Exploring Learned Representations of Neural Networks with Principal Component Analysis
This work addresses the problem of understanding feature representations in deep neural networks for researchers in explainable AI, but it is incremental as it applies existing methods to new data.
The study used principal component analysis to analyze learned representations in a ResNet-18 trained on CIFAR-10, finding that as little as 20% of feature-space variance in some layers suffices for high-accuracy classification and that the first ~100 principal components determine classifier performance.

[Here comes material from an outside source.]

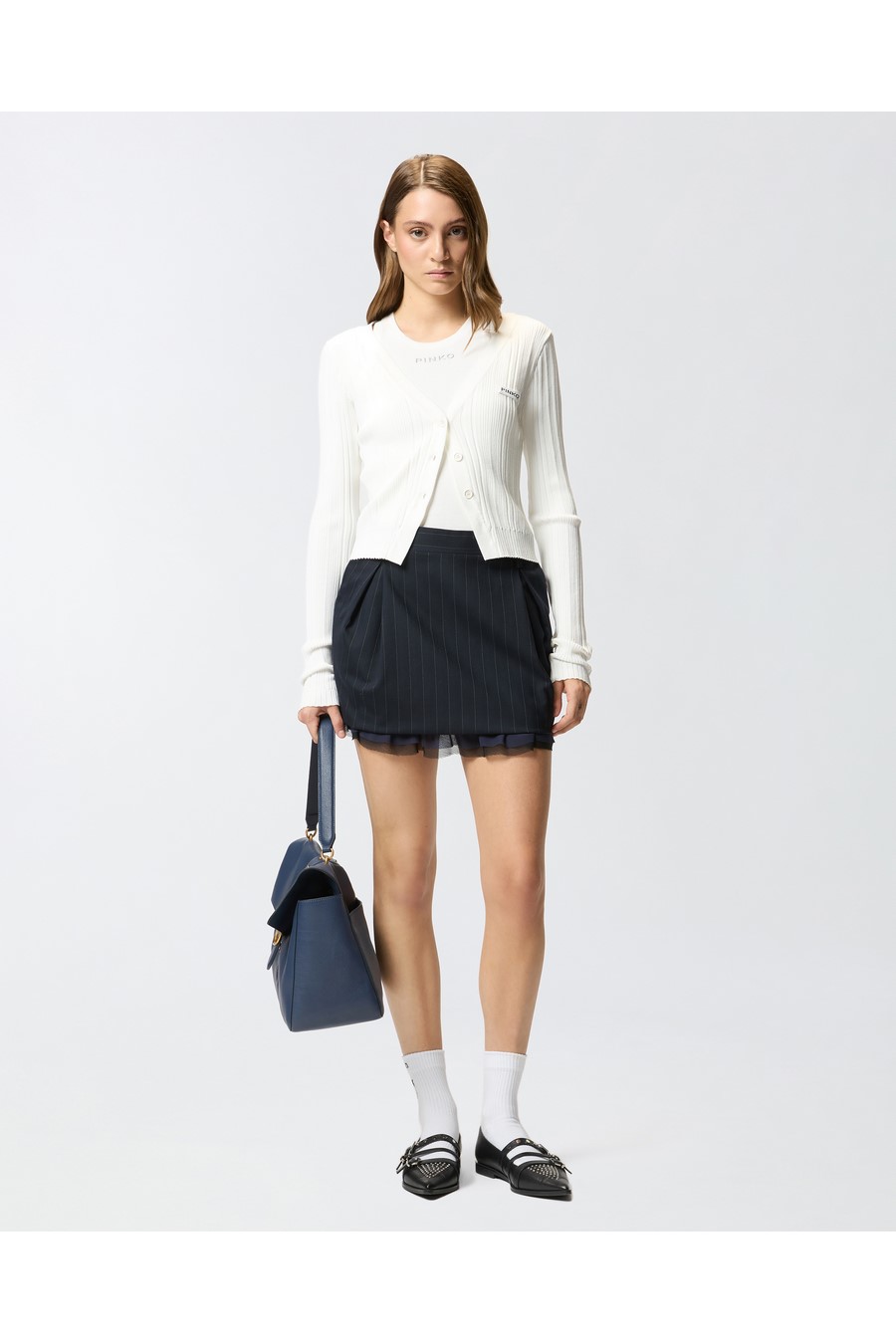Pinko fringed pleated mini skirt with a balloon silhouette, emphasised by soft pleats.
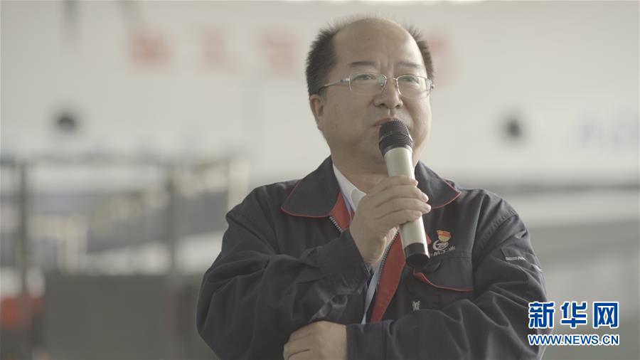 10月17日,AG600飞机总设计师黄领才介绍该机型特性(视频截图)。新华社记者 熊琦 摄

Understanding feature representation for deep neural networks (DNNs) remains an open question within the general field of explainable AI. We use principal component analysis (PCA) to study the performance of a k-nearest neighbors classifier (k-NN), nearest class-centers classifier (NCC), and support vector machines on the learned layer-wise representations of a ResNet-18 trained on CIFAR-10. We show that in certain layers, as little as 20% of the intermediate feature-space variance is necessary for high-accuracy classification and that across all layers, the first ~100 PCs completely determine the performance of the k-NN and NCC classifiers. We relate our findings to neural collapse and provide partial evidence for the related phenomenon of intermediate neural collapse. Our preliminary work provides three distinct yet interpretable surrogate models for feature representation with an affine linear model the best performing. We also show that leveraging several surrogate models affords us a clever method to estimate where neural collapse may initially occur within the DNN.